Give back the lines of the entries below exactly as written, from the first line to the line holding "Цей набір відрізняється", both included, with the pictures omitted.

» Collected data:
.....

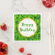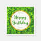 pappra servetter från grattis på födelsedagen med en färsk våghöjdsdesign som visar sig utanför fält av klöver löv i en lush naturlig grönt med små små, små vatten-droppar. I mitten finns ett vitt ram med FAUX guld-folie gräns. Anpassa med namn som födelsedjas födelsedag.
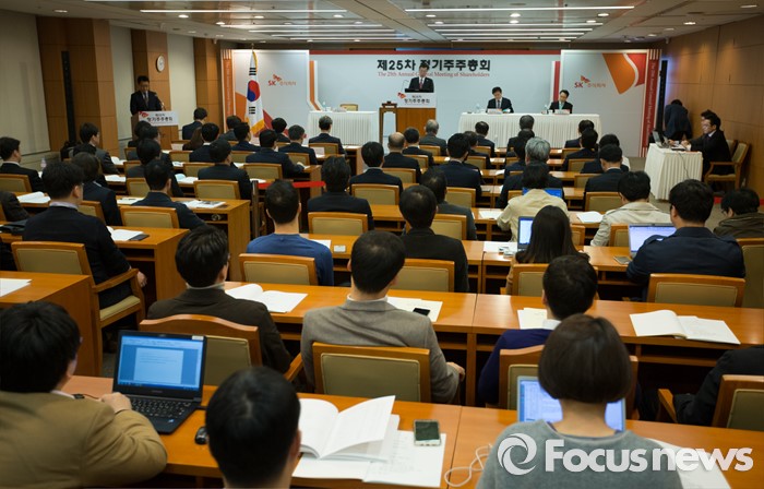 (서울=포커스뉴스) 조대식 사장이 18일 오전 서울 중구 SK본사에서 열린 제 25차 정기 주주총회에서 의장을 맡아 인사말을 하고 있다. 이번 주총에서 최태원 SK그룹 회장의 등기이사 선임안건이 가결됐다.
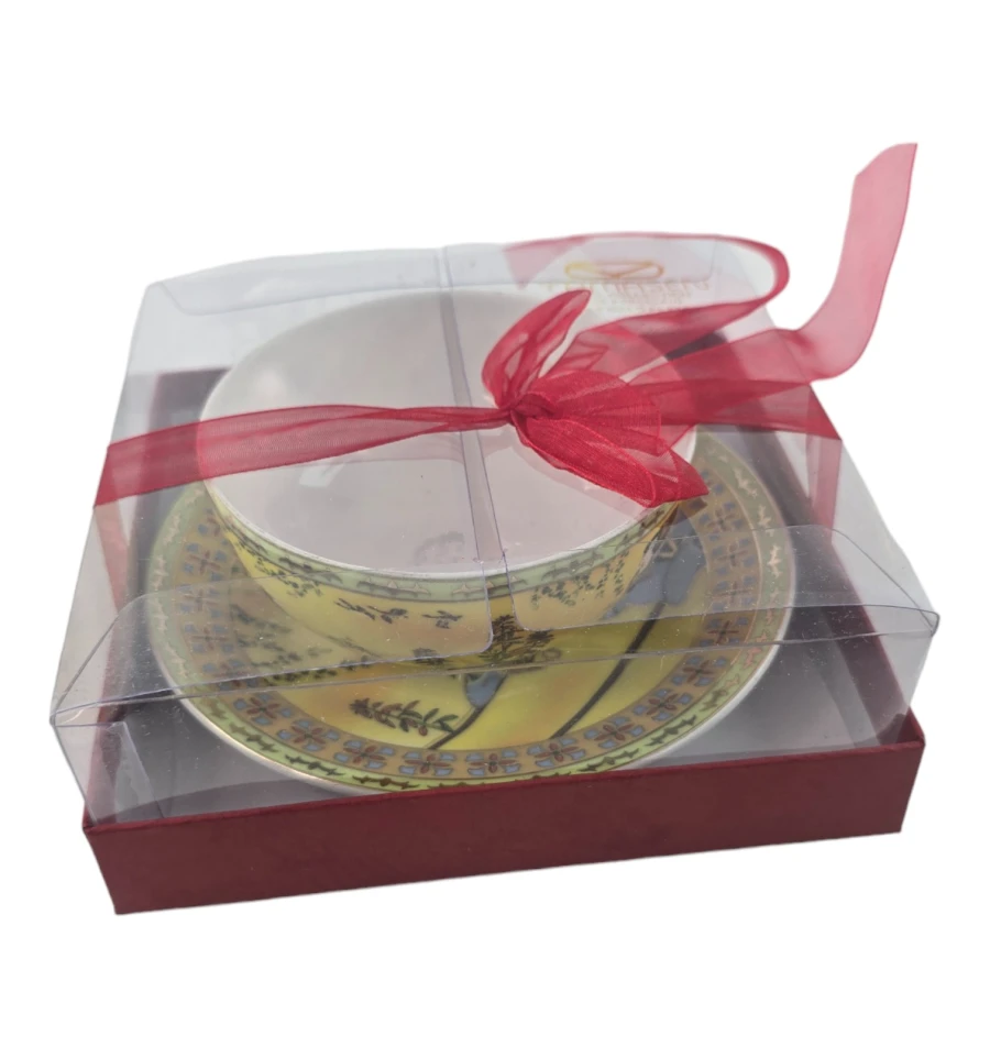 Цей набір відрізняється яскравим дизайном із зображенням традиційних китайських сцен на жовтому фоні, що надає йому особливого колориту та шарму. Кожен елемент набору детально опрацьований, що робить його справжнім витвором мистецтва.
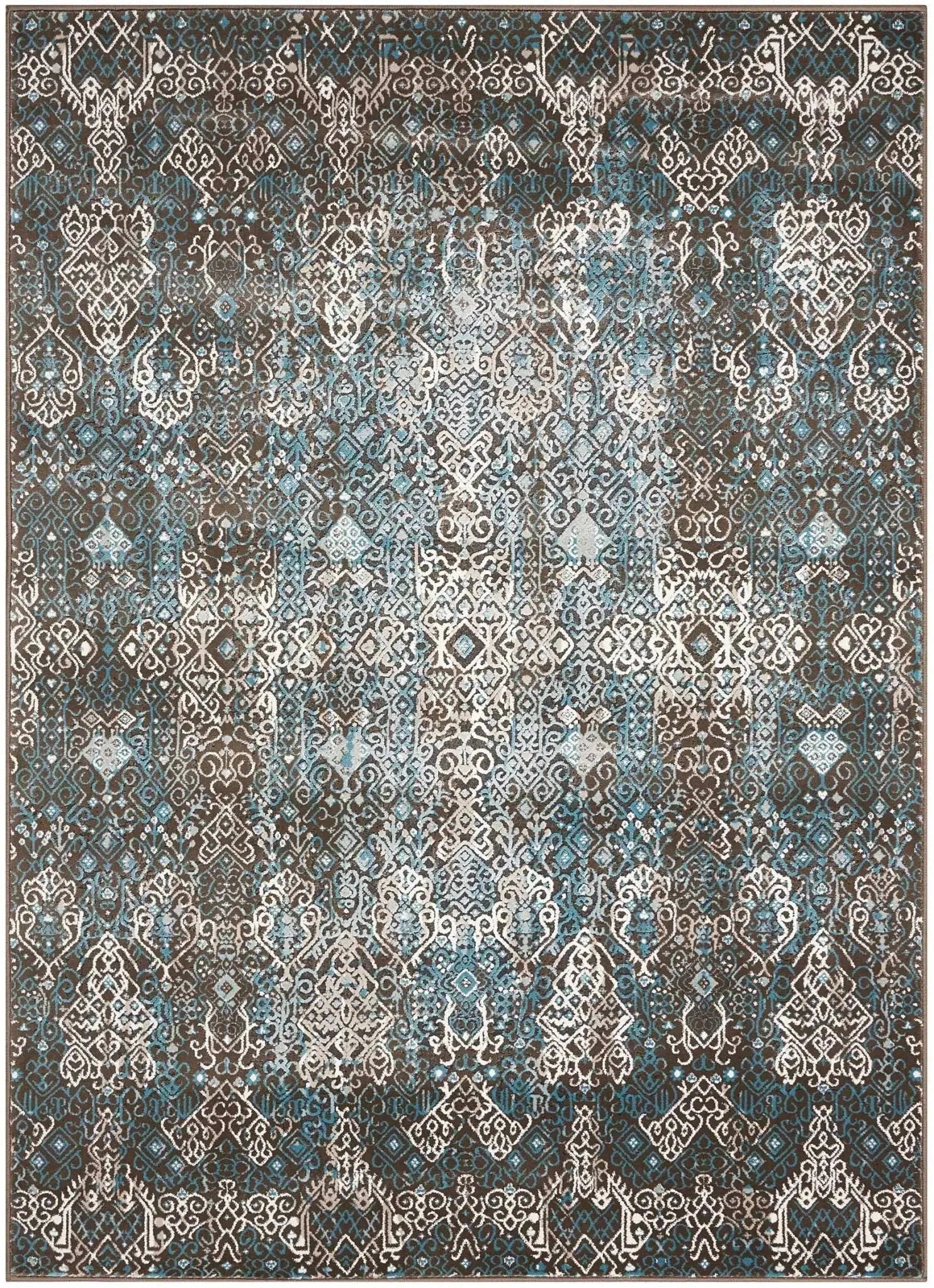 Karma is a warm and inviting collection of radiant tribal patterns in artfully gradated color palettes, power-loomed in Turkey of a silky polypropylene/polyester blend and featuring antique-inspired design effects for a study in texture, tone and dimension. This rug is perfect for your living room, dining room, den, bedroom, or any living space.
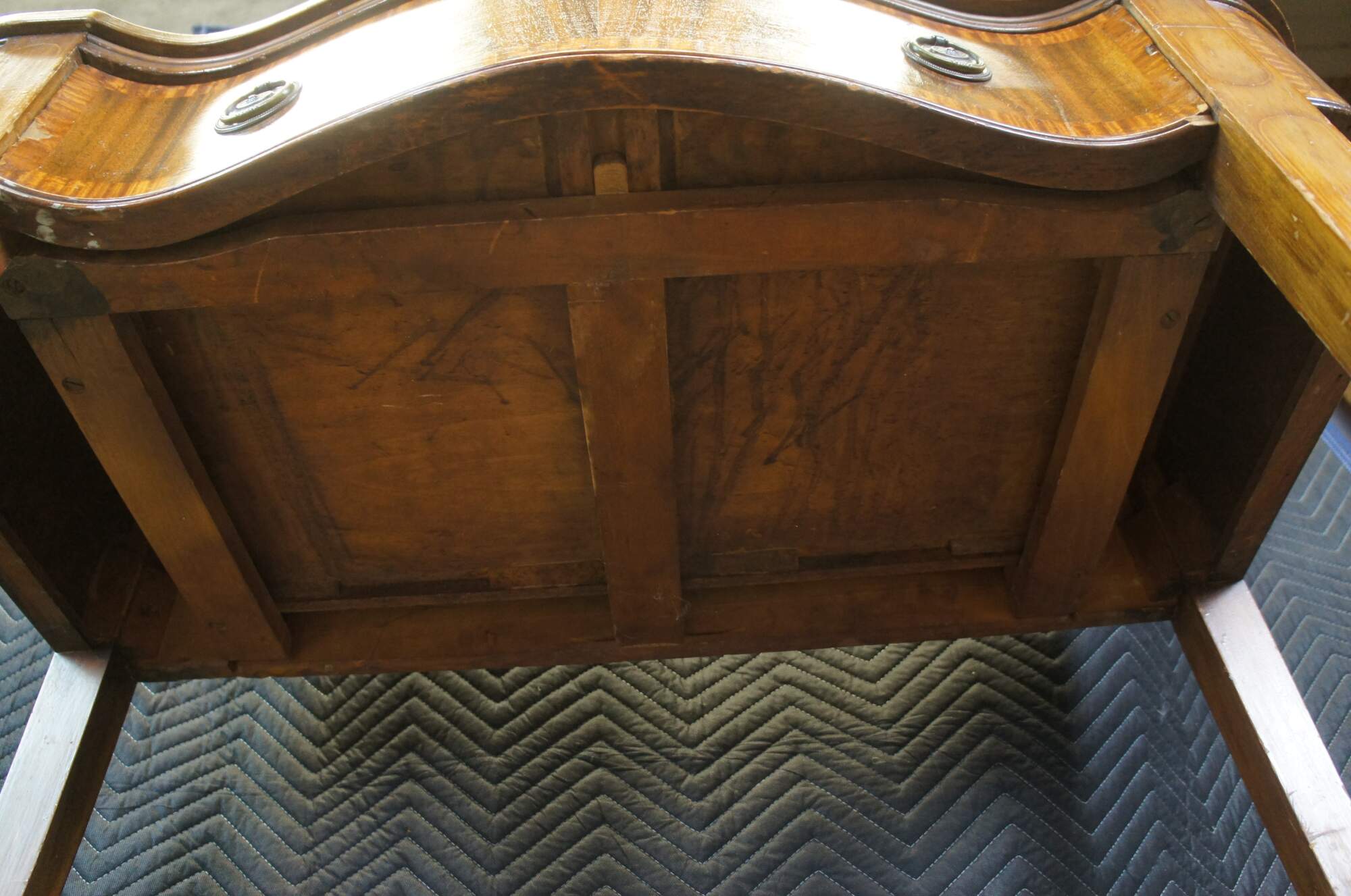 Fair antique condition, wear and distressing commensurate with age and use, veneer loss, edge wear / missing trim, scuffing / marking.

.....

» Reply to the exercise:
 pappra servetter från grattis på födelsedagen med en färsk våghöjdsdesign som visar sig utanför fält av klöver löv i en lush naturlig grönt med små små, små vatten-droppar. I mitten finns ett vitt ram med FAUX guld-folie gräns. Anpassa med namn som födelsedjas födelsedag.
 (서울=포커스뉴스) 조대식 사장이 18일 오전 서울 중구 SK본사에서 열린 제 25차 정기 주주총회에서 의장을 맡아 인사말을 하고 있다. 이번 주총에서 최태원 SK그룹 회장의 등기이사 선임안건이 가결됐다.
 Цей набір відрізняється яскравим дизайном із зображенням традиційних китайських сцен на жовтому фоні, що надає йому особливого колориту та шарму. Кожен елемент набору детально опрацьований, що робить його справжнім витвором мистецтва.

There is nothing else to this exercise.